> [Task directions]: For the material below, set down exactly the lines between the one containing "Плакат к премьере" and the last line, both included, leaving every picture out.

> [Dataset entries]:
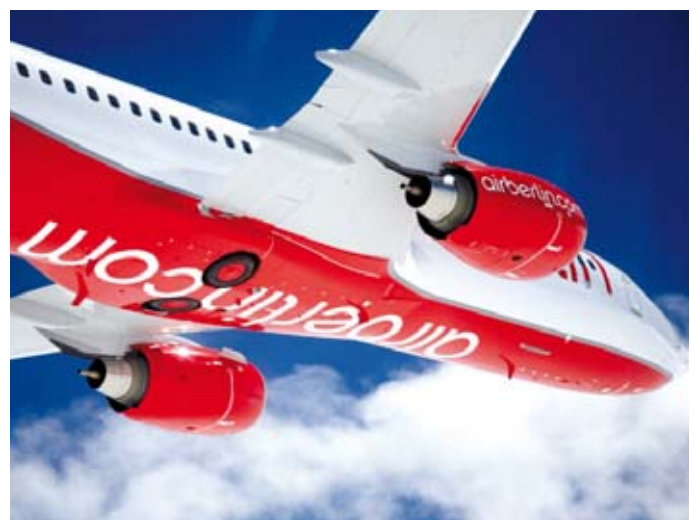
Air Berlin steigt in der Gewichtung im BondGuide Musterdepot.

Unsere aufgestockte Position Air Berlin III hat jetzt einen mittleren Kaufpreis (Gebühren sind berücksichtigt) von 103,05%. Wie bei Constantin sind beide Transaktionen der Übersichtlichkeit wegen zusammengefasst. Die beiden finalen Ausbuchungskurse von Eyemaxx I und Bastei Lübbe ergaben sich nunmehr zu 101,15% und 105,95%, jeweils wieder
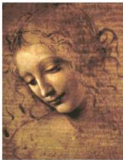
Complesso Monumentale della Pilotta, Parma Leonardo Da Vinci La Scapigliata inv. 362
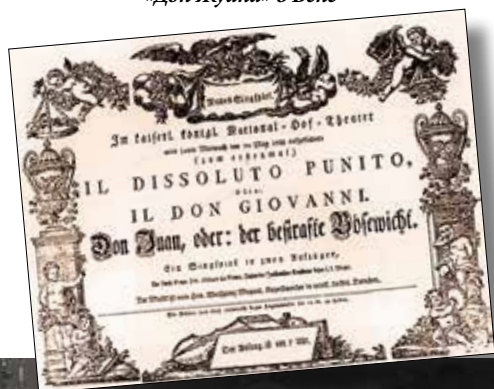
▼ Плакат к премьере «Дон Жуана» в Вене
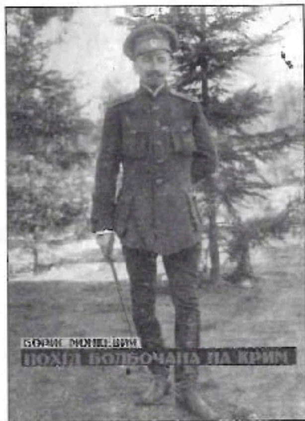
Обкладинка книги Бориса Мохоріна "Похід Болбочана на Крим". Липень 2014 р.

> [Answer]:
▼ Плакат к премьере «Дон Жуана» в Вене
Обкладинка книги Бориса Мохоріна "Похід Болбочана на Крим". Липень 2014 р.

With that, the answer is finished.